- Exercise prompt
Copy the listing exactly; drop the pictures.
########################################
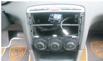
11 拔下后端尾线后效果图
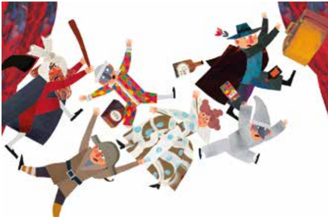
Giulia Oreccia A teatro con Gianni Rodari Einaudi Ragazzi, 2018 Digital collage 33,2 x 22cm

Los alumnos de 6° grado deberán elegir una de las tres ilustraciones que se presentan a continuación y realizar una narración (inspirada en la ilustración). Luego las producciones se compartirán con el resto de la comunidad educativa.
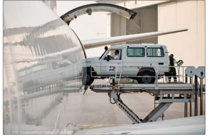
دبي الانسانية تسيّر شحنة جوية إغاثة ثالثة الى الكونغو الديمقراطية (وام)

•• أبو ظبي-وام: بحضور سمو الشيخ منصور بن زايد آل نهيان، نائب رئيس الدولة نائب رئيس مجلس الوزراء رئيس ديوان الرئاسة، وسمو الشيخ خالد بن محمد بن زايد آل نهيان، ولي عهد أبوظبي رئيس المجلس التنفيذي لإمارة أبوظبي، ترأس سمو الشيخ طحنون بن زايد آل نهيان، نائب حاكم إمارة أبوظبي، اجتماع مجلس الشؤون الاستثمارية، التابع للمجلس الأعلى للشؤون المالية والاقتصادية. وشهد الاجتماع مناقشة أحدث المستجدات والتوجهات الاقتصادية الإقليمية والعالمية، وما يرتبط بها من توقعات تختص بالتوجهات الاقتصادية، وما تخلقه التحديات من فرص استثمارية في مختلف القطاعات خلال المرحلة المقبلة. والتقى المجلس مع عدد من المسؤولين من القطاع الخاص، وبحث معهم سبل تعزيز الاستثمارات الأجنبية المباشرة، وبحث معهم سبل تعزيز التعاون الاقتصادي مع دول المنطقة، وبحث معهم سبل تعزيز التعاون الاقتصادي مع دول المنطقة، وبحث معهم سبل تعزيز التعاون الاقتصادي مع دول المنطقة. (التفاصيل ص2)
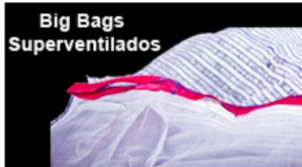
Big Bags Superventilados
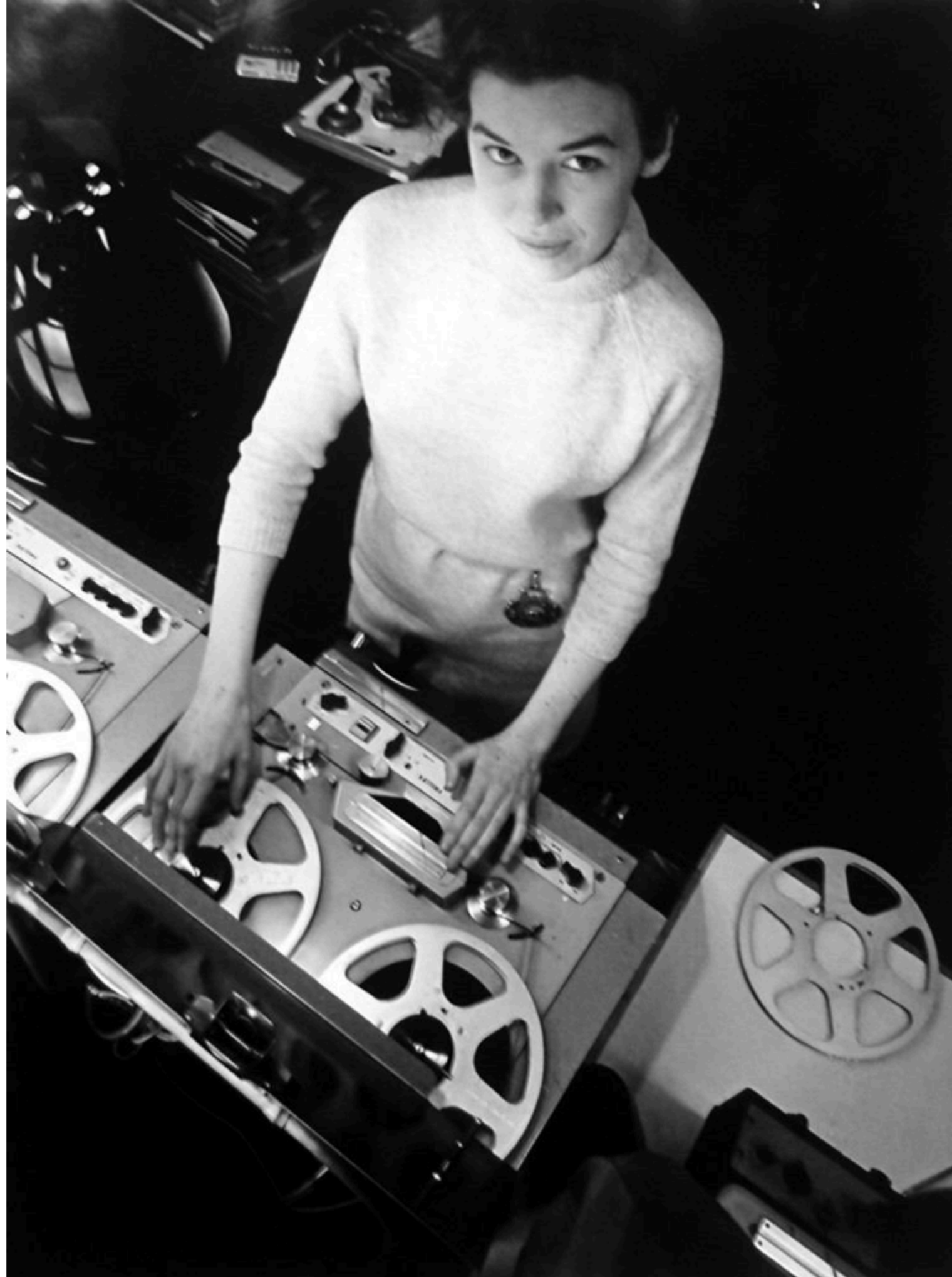
Delia Derbyshire, BBC Radiophonic Workshop, 1965.

[1] Ovdje ću spomenuti jedan od važnijih recentnih projekata analize zastupljenosti autorica u medijskome prostoru, a koji se bavio slučajem BBC Promsa, „najvećega svjetskog festivala klasične glazbe“ i jednoga od ključnih projekata britanskoga javnog servisa, a čiji programi i narudžbe novih djela uvelike određuju repertoar koji (kasnije) emitira BBC Radio 3.
########################################
- Written solution
11 拔下后端尾线后效果图
Giulia Oreccia A teatro con Gianni Rodari Einaudi Ragazzi, 2018 Digital collage 33,2 x 22cm

Los alumnos de 6° grado deberán elegir una de las tres ilustraciones que se presentan a continuación y realizar una narración (inspirada en la ilustración). Luego las producciones se compartirán con el resto de la comunidad educativa.
دبي الانسانية تسيّر شحنة جوية إغاثة ثالثة الى الكونغو الديمقراطية (وام)

•• أبو ظبي-وام: بحضور سمو الشيخ منصور بن زايد آل نهيان، نائب رئيس الدولة نائب رئيس مجلس الوزراء رئيس ديوان الرئاسة، وسمو الشيخ خالد بن محمد بن زايد آل نهيان، ولي عهد أبوظبي رئيس المجلس التنفيذي لإمارة أبوظبي، ترأس سمو الشيخ طحنون بن زايد آل نهيان، نائب حاكم إمارة أبوظبي، اجتماع مجلس الشؤون الاستثمارية، التابع للمجلس الأعلى للشؤون المالية والاقتصادية. وشهد الاجتماع مناقشة أحدث المستجدات والتوجهات الاقتصادية الإقليمية والعالمية، وما يرتبط بها من توقعات تختص بالتوجهات الاقتصادية، وما تخلقه التحديات من فرص استثمارية في مختلف القطاعات خلال المرحلة المقبلة. والتقى المجلس مع عدد من المسؤولين من القطاع الخاص، وبحث معهم سبل تعزيز الاستثمارات الأجنبية المباشرة، وبحث معهم سبل تعزيز التعاون الاقتصادي مع دول المنطقة، وبحث معهم سبل تعزيز التعاون الاقتصادي مع دول المنطقة، وبحث معهم سبل تعزيز التعاون الاقتصادي مع دول المنطقة. (التفاصيل ص2)
Big Bags Superventilados
Delia Derbyshire, BBC Radiophonic Workshop, 1965.

[1] Ovdje ću spomenuti jedan od važnijih recentnih projekata analize zastupljenosti autorica u medijskome prostoru, a koji se bavio slučajem BBC Promsa, „najvećega svjetskog festivala klasične glazbe“ i jednoga od ključnih projekata britanskoga javnog servisa, a čiji programi i narudžbe novih djela uvelike određuju repertoar koji (kasnije) emitira BBC Radio 3.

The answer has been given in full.